Google is in talks with Samsung Electronics to manufacture a component of its next-generation AI processor, according to reports citing South Korean outlet 조선일보 (Chosun Ilbo). The component in question is memory for Google's Tensor Processing Units, the custom accelerators Google designs to power its AI workloads in its data centers.

The reports describe the arrangement as a production partnership rather than a design collaboration — Samsung would manufacture the memory that slots into Google's TPU hardware. According to the MSN report citing the original Korean-language coverage, the deal could provide a meaningful boost to Samsung's chip manufacturing business at a time when the South Korean giant faces intensifying competition in the memory and foundry markets.

Details remain limited: the reports do not specify which memory standard or generation is involved, the scale of the order, or a timeline for when production might begin. Both companies have not publicly confirmed the talks.

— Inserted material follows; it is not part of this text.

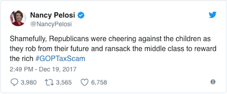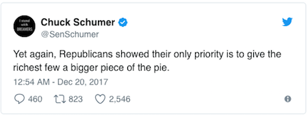 Note the key words. A tax cut is a “heist.” It’s “looting” the government’s money. You’re “robbing” and “ransacking” the middle class. Schumer is the most measured, and even he acts like the government is “giving” people money by granting a tax break.

The story fits a broader pattern of U.S. tech giants diversifying their chip supply chains. Google has long invested in custom silicon to reduce dependence on third-party AI accelerators, and pairing its own TPU designs with Samsung's manufacturing capacity would deepen that vertical integration.

If confirmed, the deal matters because it signals that Samsung — which has struggled to close the gap with TSMC in advanced chip manufacturing — could secure a foothold in the fast-growing market for AI accelerator components, while giving Google another lever to control the hardware underlying its AI infrastructure.